What a wonderful festival it’s been yet again, even though you’re going to hear a lot of silly proclamations about how lackluster it’s been. Anyone who says that has soul cancer. We get to be here. We are lucky. We are lucky to be alive when we think about how much Roger Ebert loved this fest, or all of the brilliant feet that have walked these streets over the past 67 years.
It’s France. The sun is almost always shining. It’s ice cream and happy dogs on leashes. It’s wine shops with the most delicious rosé you’ve ever had in your life. It’s music on the streets, seagulls in the air, giant movie screens playing films from all over the world. For free. If that isn’t good enough, you probably should rethink this whole living life business.
Yesterday, I was walking down to the Palais, only this time I’d lost my headphones so I couldn’t listen to music. When you can’t blot the world out you start listening to the world. I could hear the cry of birds, of course, the whirring of mopeds, the occasional honking of tiny trucks delivering morning supplies. But I could also hear people talking to me. Three men standing at the docks said something to me — I turned and I realized they wanted me to take their picture. A tiny moment in life captured forever by my camera.
I could complain about a lot of things. I could say that my suitcase was not big enough and is too heavy and that I’m dreading dragging it down the eight flights of hobbit stairs. I could say that Cannes is a money-suck and that I have spent way more than I should have. I could say that I blew my diet completely with all of this terribly fattening French food (so why aren’t the French fat?) and I could say that I’m disappointed by the way many of the critics have received so many films directed by or starring women.

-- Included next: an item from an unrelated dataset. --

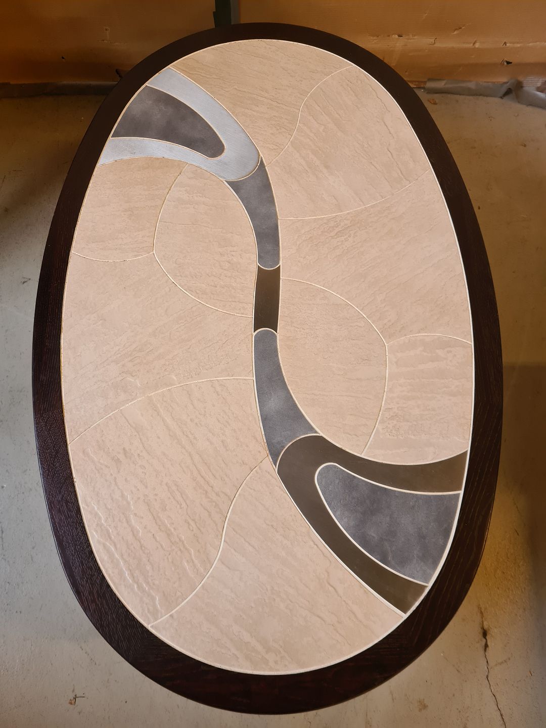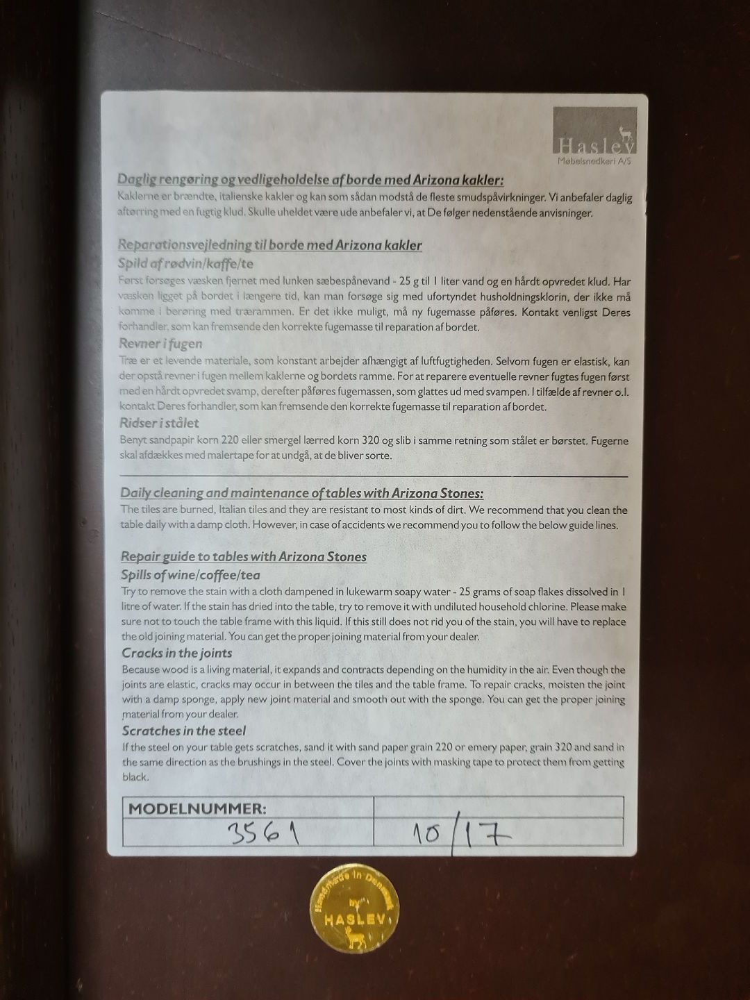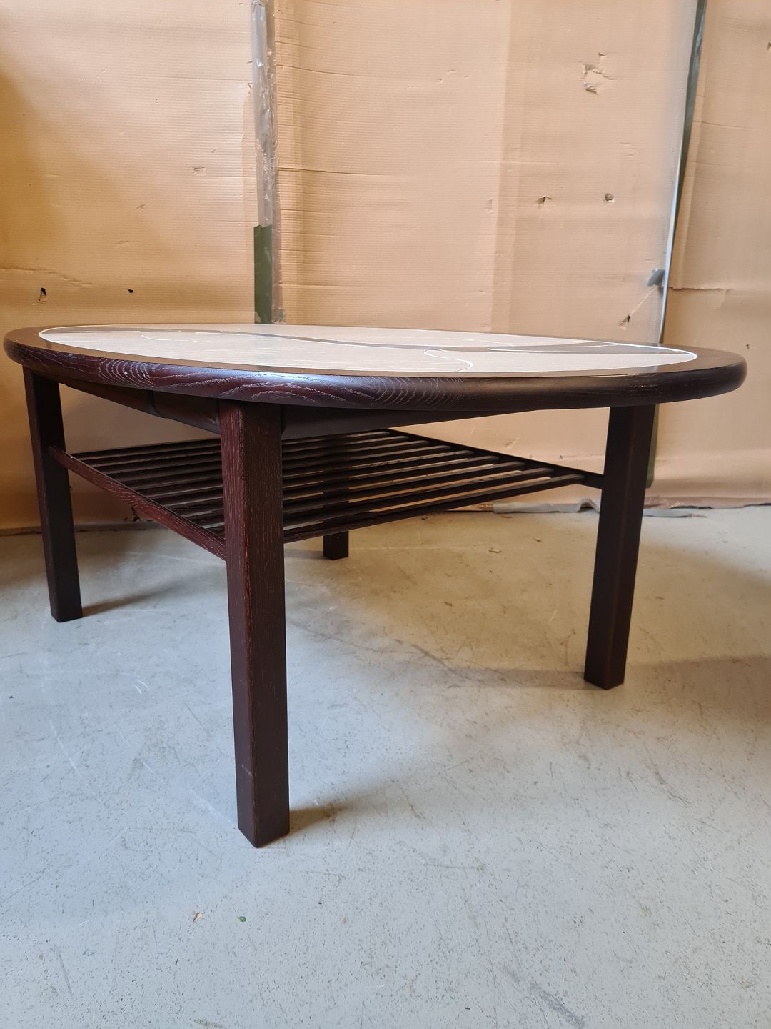 Haslev sofabord i bejdset egetræ og Arizonakakler, fra 2017.Det har små brugsspor.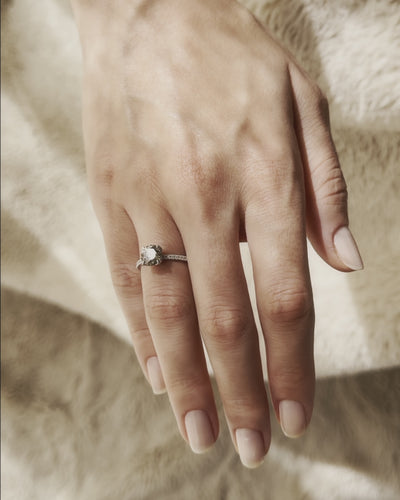 The Ingersoll ring features a 1.51 carat brilliant-cut fancy gray diamond, adorned with white and champagne beauty marks that create a captivating galactic appearance. This galaxy-inspired diamond engagement ring is enhanced by radiant white accent diamonds encircling the center stone, amplifying its cosmic allure. The interplay between the large gray diamond and its sparkling surround offers a celestial-inspired design perfect for those seeking a truly distinctive engagement ring.

But I’m not going to start complaining. The sun is soon coming up over the Pixar-animated rooftops. There’s nothing quite like another day in Cannes. In a short while, Craig and I will drag our monster-sized suitcases down tiny cobblestone streets – kulunk kulunk kulunk. I will sweat in places I barely knew about. Craig has long legs and so he walks much faster than me. I toddle after him like his grandmother. Occasionally, if he isn’t in a hurry, he’ll stop and wait for me. He’s patient with someone who never can get it quite together and keeps breaking things. We will arrive at the right spot because Craig will know how to get us there. We’ll fight our way onto the shuttle as we fought our way onto it back at the airport. We’ll arrive at the Nice airport hopefully on time and we’ll get one last coffee, maybe some kind of bread. Then we’ll fly away and back home, dipping my head in so much gratitude that maybe, just maybe, that gratitude will take me at last to sleep.